Winner, 2018 Distinguished Scholarship Award presented by the Pacific Sociology Association.
Honorable Mention, 2017 ESS Mirra Komarovsky Book Award presented by the Eastern Sociological Society.
Outstanding Book Award for the Section on Altruism, Morality, and Social Solidarity presented by the American Sociological Association.
A rich, multi-faceted examination into the attitudes and beliefs of parents who choose not to immunize their children.
The measles outbreak at Disneyland in December 2014 spread to a half-dozen U.S. states and sickened 147 people. It is just one recent incident that the medical community blames on the nation’s falling vaccination rates. Still, many parents continue to claim that the risks that vaccines pose to their children are far greater than their benefits.
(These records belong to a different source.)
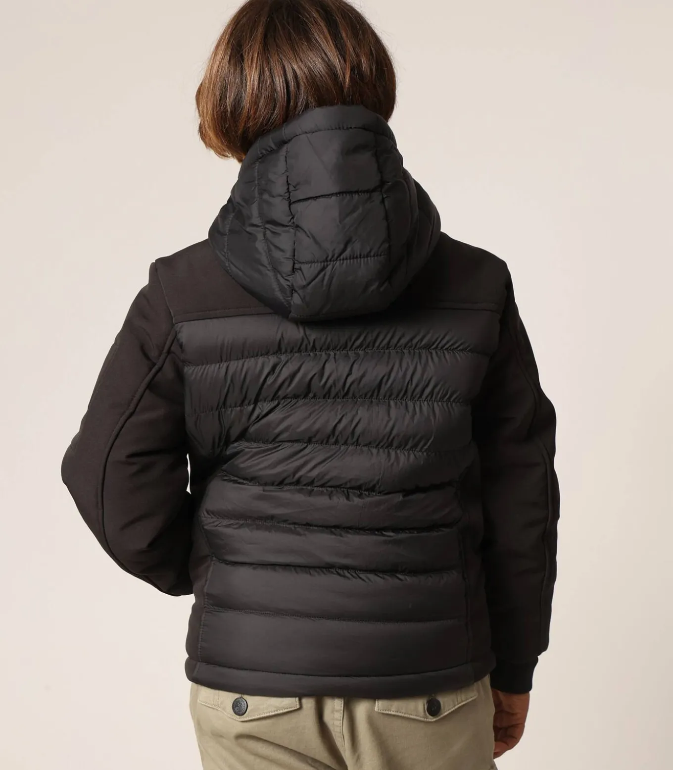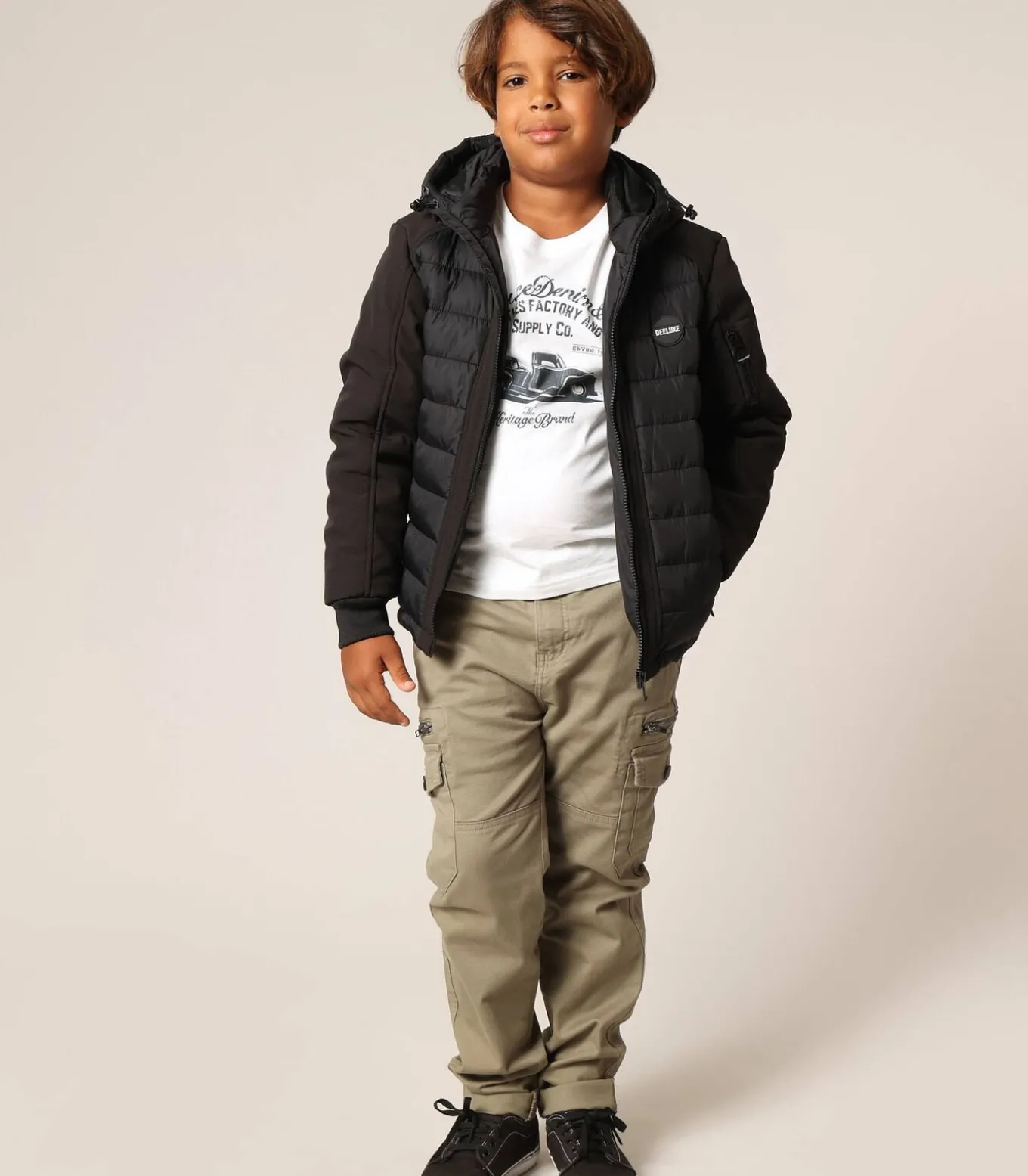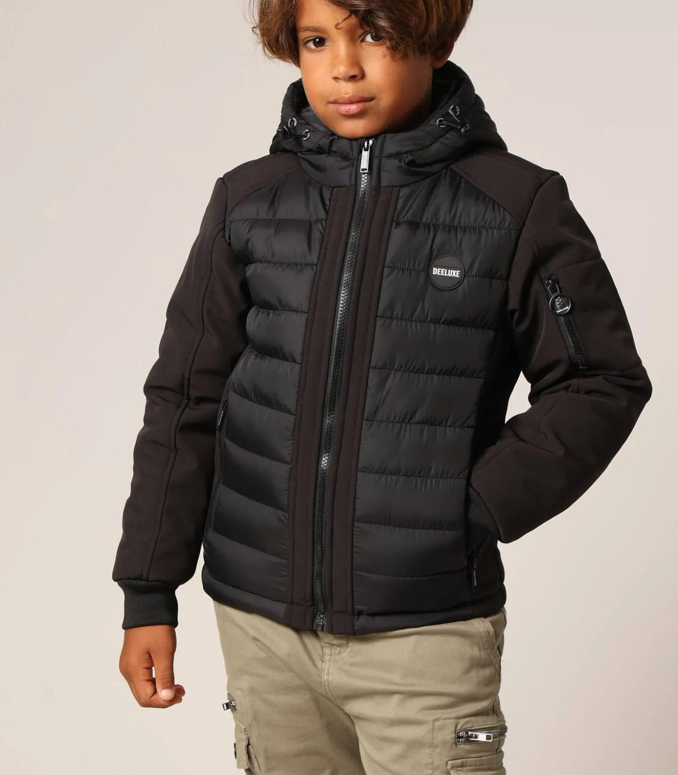 SECTOR jongensjas met een sportieve en urban stijl. Deze donsjas met capuchon is voorzien van horizontale stiksels op de romp en rug, terwijl de contrasterende mouwen een moderne touch geven. Hij heeft een ritssluiting aan de voorkant, een comfortabele opstaande kraag en een verstelbare capuchon met elastische trekkoorden. Er zijn twee zakken met rits aan de zijkant en een zak op de linkermouw met een merksluiting. Een ronde DEELUXE–badge is op de borst bevestigd, wat de streetwear–spirit van het model versterkt. Een functioneel en trendy kledingstuk, ideaal om de kou op een lichte manier te trotseren.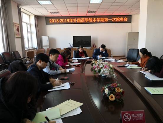 2019年2月22日上午9点,万象城娱乐awc线路在文博楼1210会议室召开了本学期的第一次院务会,会议主题是研究和布置新学期初的各方面工作。学院领导及各系、部、室部门负责人参加了会议,会议由院长王丹同志主持。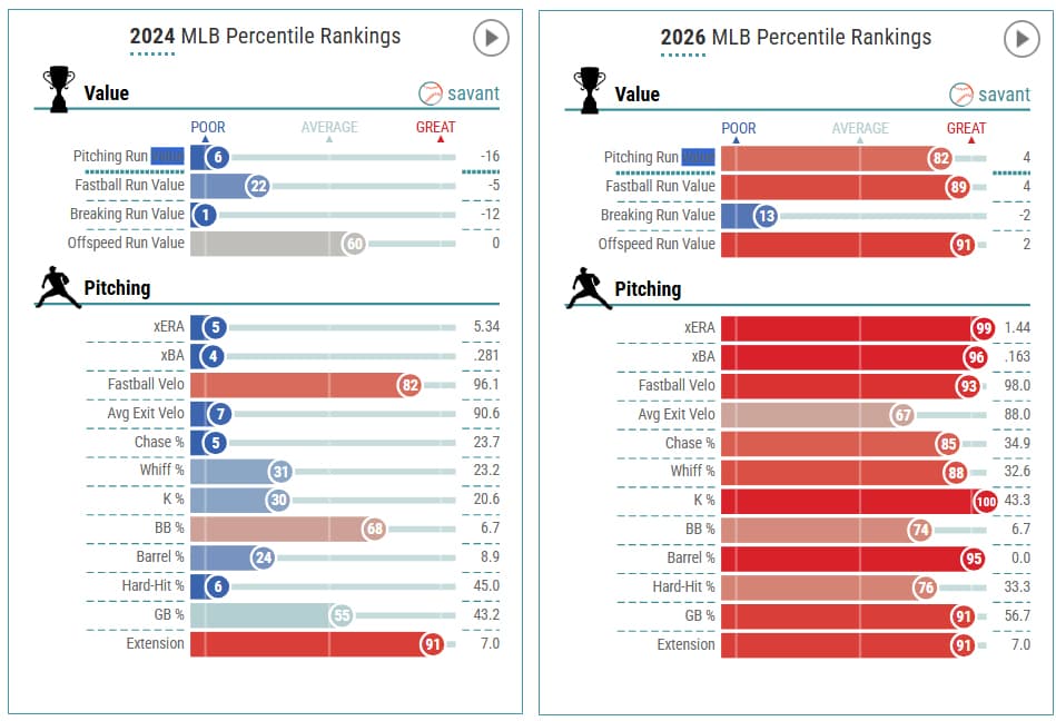 In the span of two years, it’s wild to see his Baseball Savant pages change this drastically in a short period. Kudos not only to Varland for reinventing himself, but also to the Blue Jays’ pitching coaches like Pete Walker and assistant coach Sam Greene for kicking Varland’s game into high gear.

Given the research and the unanimity of opinion within the medical community, many ask how such parentswho are most likely to be white, college educated, and with a family income over $75,000could hold such beliefs.
For over a decade, Jennifer Reich has been studying the phenomenon of vaccine refusal from the perspectives of parents who distrust vaccines and the corporations that make them, as well as the health care providers and policy makers who see them as essential to ensuring community health. Reich reveals how parents who opt out of vaccinations see their decision: what they fear, what they hope to control, and what they believe is in their child’s best interest. Based on interviews with parents who fully reject vaccines as well as those who believe in “slow vax,” or altering the number of and time between vaccinations, the author provides a fascinating account of these parents’ points of view.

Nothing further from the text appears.